In the North
German-born chef and baker Olaf Blanke has Auckland's artisan bread market cornered, supplying rock star Kiwi chefs (Peter Gordon, Al Brown, Josh Emett et al) in addition to his own café in suburban Mount Eden. Handcrafted sourdoughs and wild yeast ferments are the stars of a menu that transitions from breakfast and brunch to lunch. Pulled lamb shoulder slathered with tzatziki filled a sandwich made from chewy, cumin seed- and turmericinflected ciabatta. With a three-salad side (quinoa/roasted veg/fresh summer peas) and a hoppy brew called Semi Conductor, lunch at Olaf's was a delicious introduction to the current café scene in New Zealand.

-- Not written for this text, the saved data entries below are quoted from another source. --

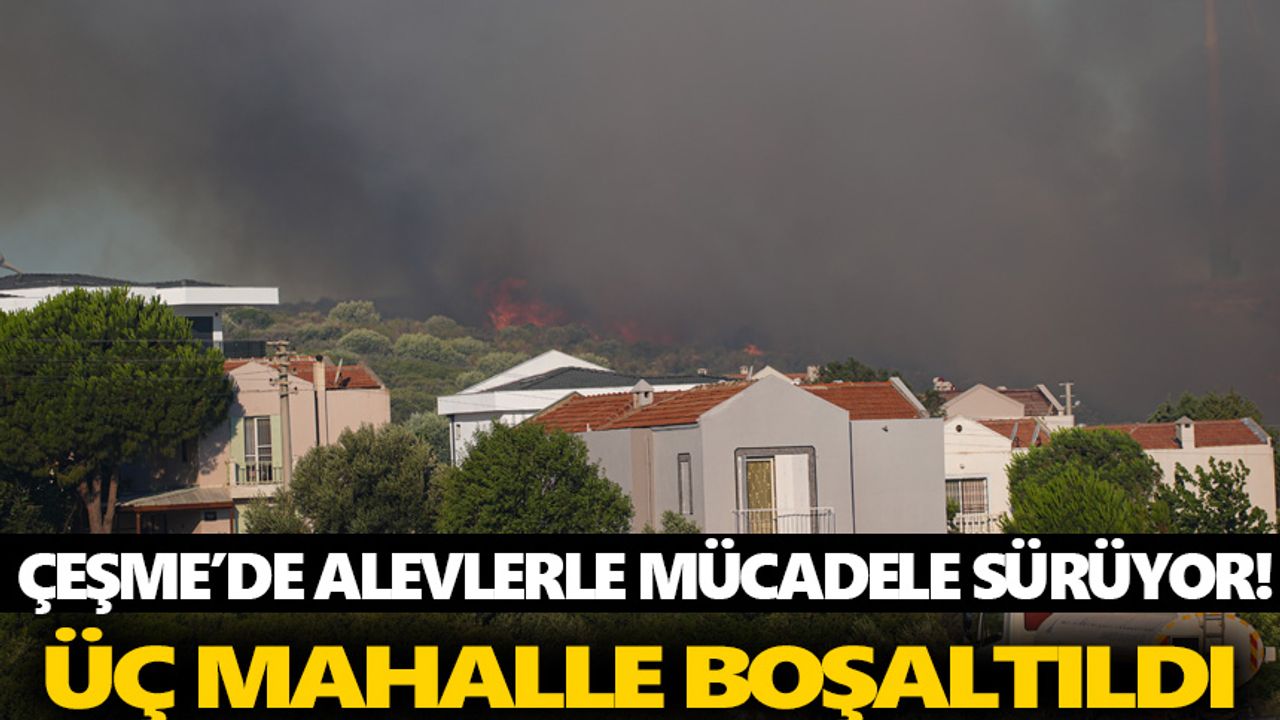 Çeşme ilçesinde etkili olan yangına 2 uçak ve 6 helikopter ile kara ekiplerinin müdahalesi sürüyor.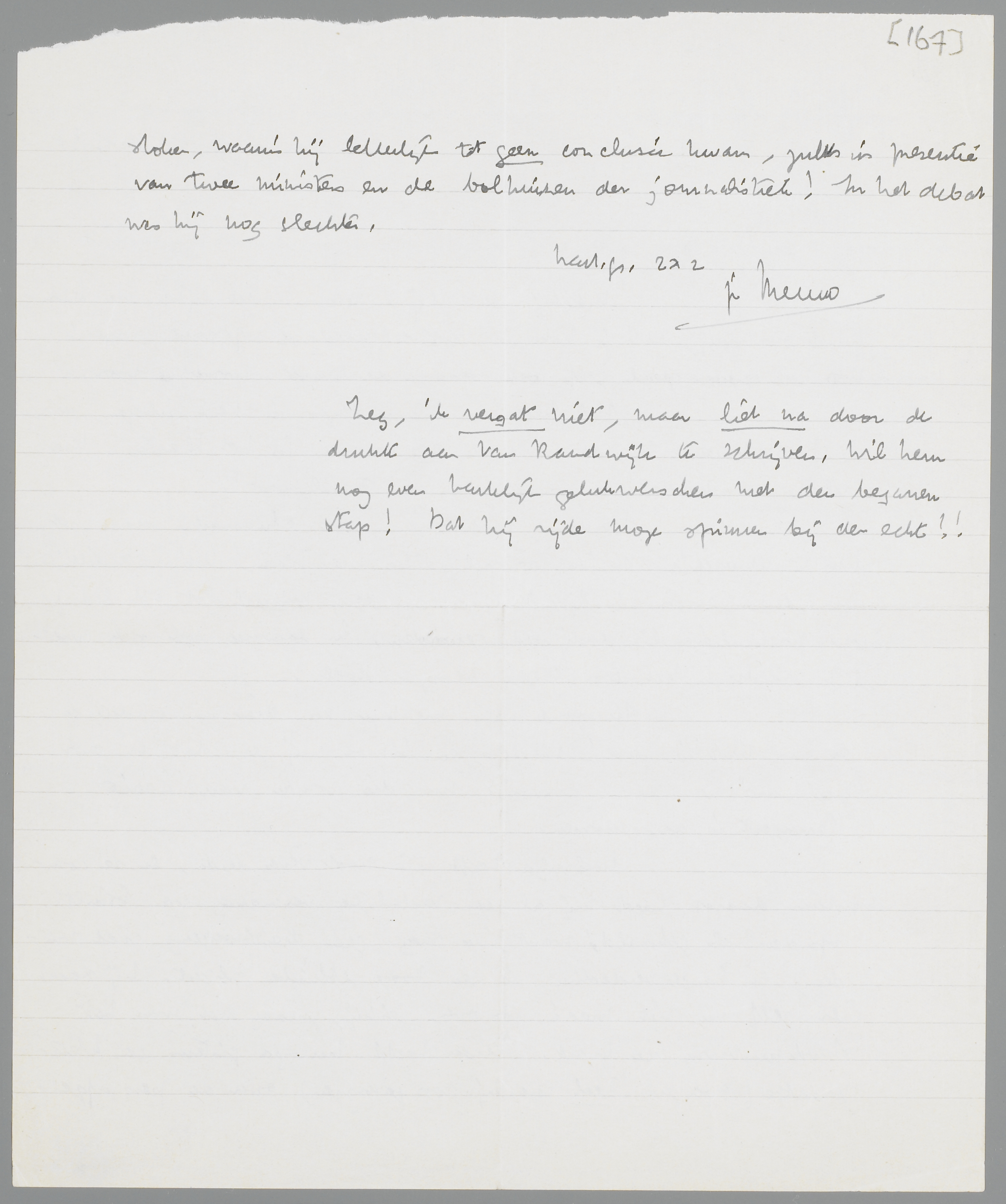 Vervelend, dat Coenen zoo chicaneert. Maar het was te verwachten, en ik voorspel jullie meer fraais. Het is duidelijk: voor deze persoon is Gr. Ned. allang een middel tot het bedrijven van particuliere liefdadigheid geworden. En daarmee zal zich moeilijk verdragen het door jullie beoogde doel!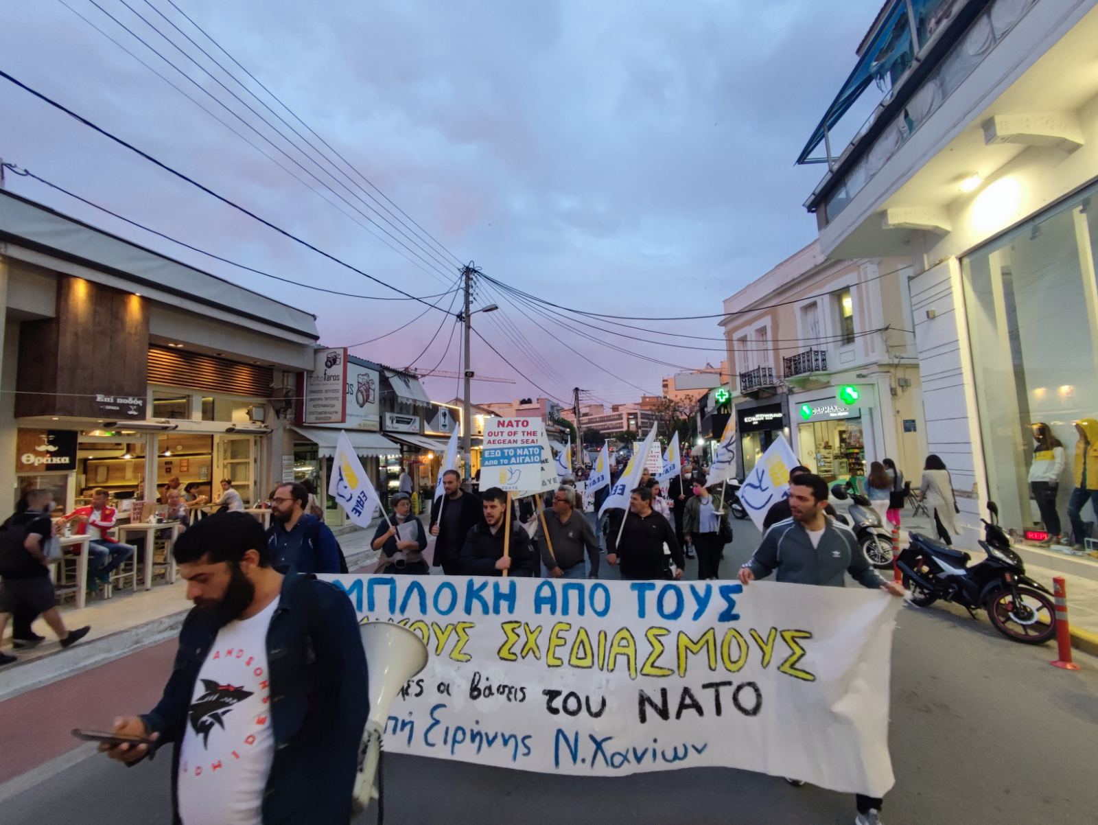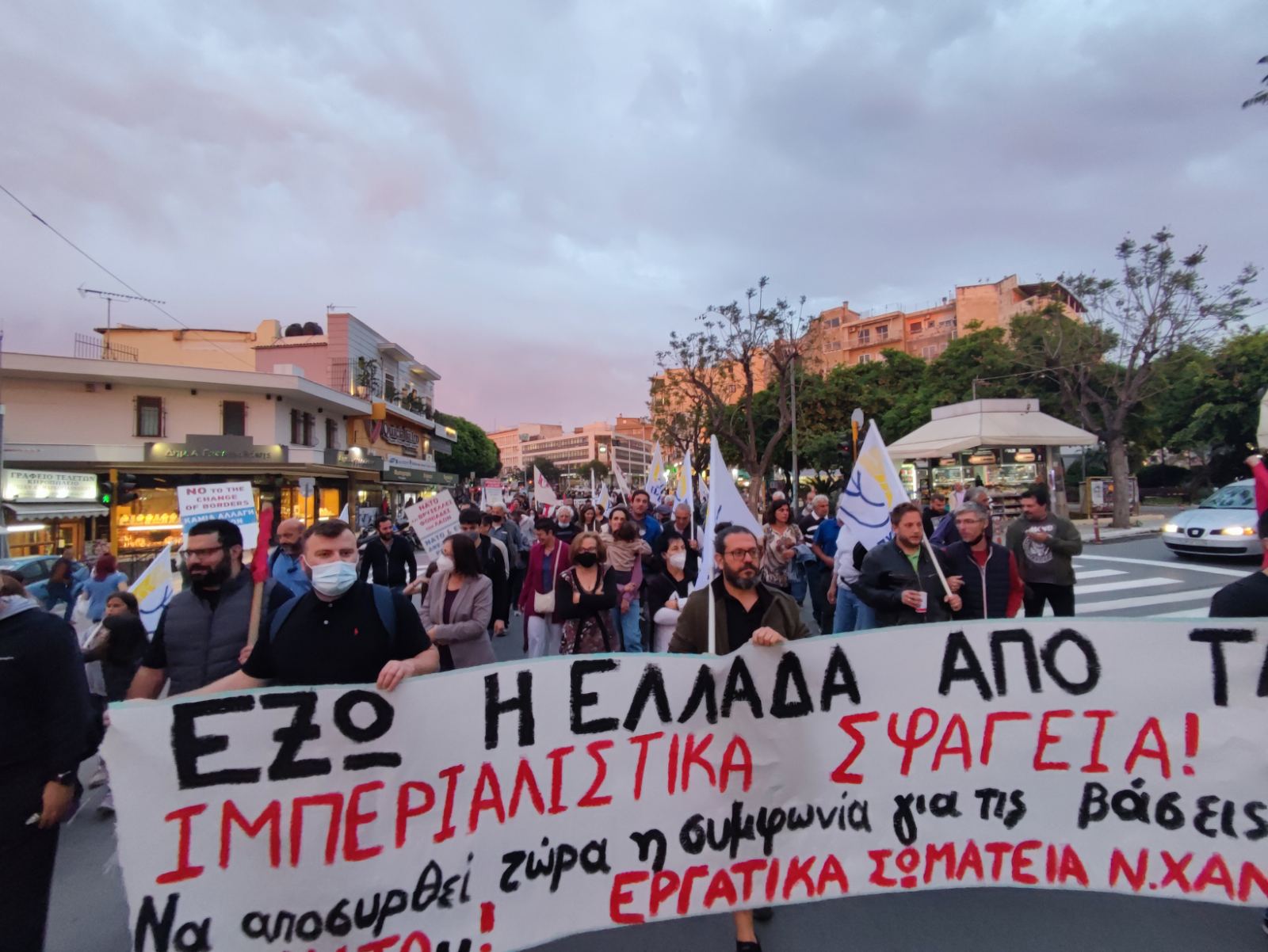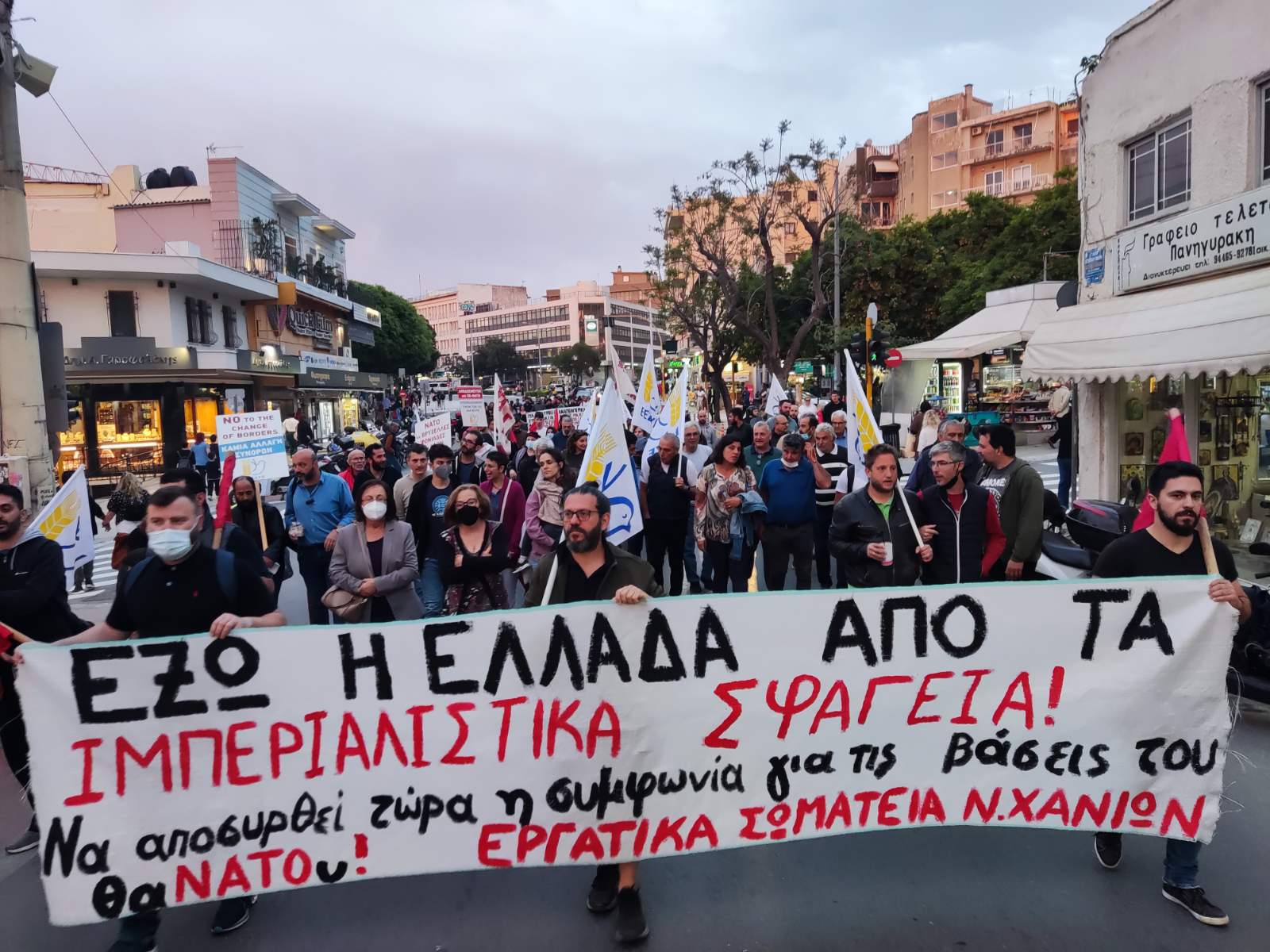Ξεκάθαρο μήνυμα ενάντια στην Ελληνοαμερικανική Συμφωνία για τις Βάσεις και τους ιμπεριαλιστικούς πολέμους στάλθηκε από τη συγκέντρωση και στη συνέχεια πορεία, στο κέντρο της πόλης που διοργάνωσε η Επιτροπή Ειρήνης Χανίων, εργατικά σωματεία, φοιτητικοί σύλλογοι, ο σύλλογος γυναικών και άλλοι φορείς.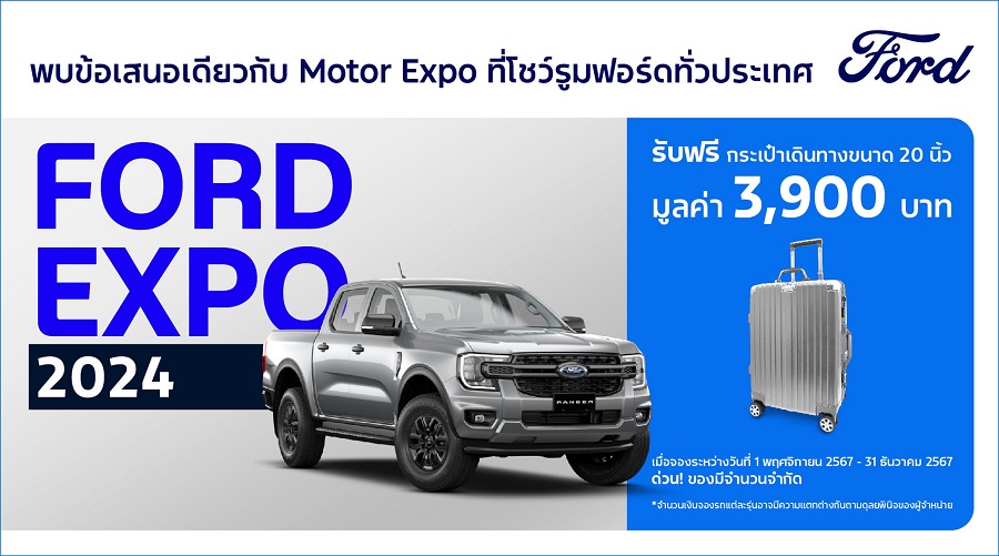 ฟอร์ด ประเทศไทย จัดแคมเปญสุดคุ้มส่งท้ายปี ‘ฟอร์ด เอ็กซ์โป’ มอบข้อเสนอเดียวกับงานมอเตอร์ เอ็กซ์โป สำหรับรถฟอร์ดหลากหลายรุ่นเพื่อให้ตอบโจทย์การใช้งานทุกรูปแบบด้วยข้อเสนอสุดเร้าใจมากมาย อาทิ ฟอร์ด เรนเจอร์ XLS รุ่นใหม่ล่าสุด ราคาพิเศษช่วงเปิดตัวเพียง 799,000 บาท ฟอร์ด เอเวอเรสต์ เทรนด์ ราคาพิเศษ 1,249,000 บาท ฟอร์ด เรนเจอร์ แร็พเตอร์ ดอกเบี้ย 0.99% พิเศษ! เมื่อลูกค้าจองรถฟอร์ดรุ่นใดก็ได้ ระหว่างวันที่ 1 พฤศจิกายน ถึง 31 ธันวาคม 2567 ที่โชว์รูมฟอร์ดทั่วประเทศ รับฟรี กระเป๋าเดินทางฟอร์ดดีไซน์หรู มูลค่า 3,900 บาท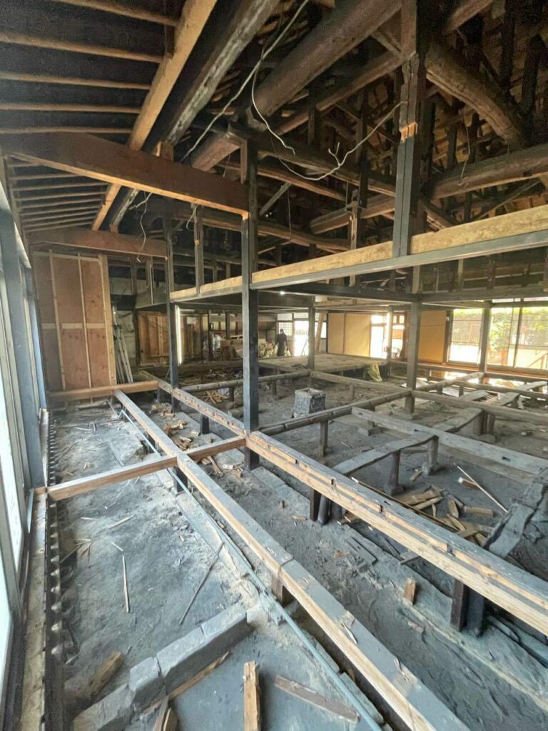既存梁・木組みを残しつつ、耐震補強&床下からスケルトン改修

In the suburb of Parnell, hanging plants, murals, fishbowl lights and candy-coloured chairs set the scene at Winona Forever, a bustling café named (reportedly) for Johnny Depp's tattoo. The vibe may be offbeat but the food is spot on. An acclaimed pastry chef is co-owner and the display of baked goods — towering layer cakes and gooey slices — is eye-popping. A short, interesting menu covers breakfast/brunch/lunch. I chose an oversized salmon hash cake topped with a luminously orange poached egg, with a chunky tomato chutney and a side of lightly spicy Asian slaw. A glass of Marlborough sauvignon blanc eased the impact of the noise level — deafening when this hugely popular place is full.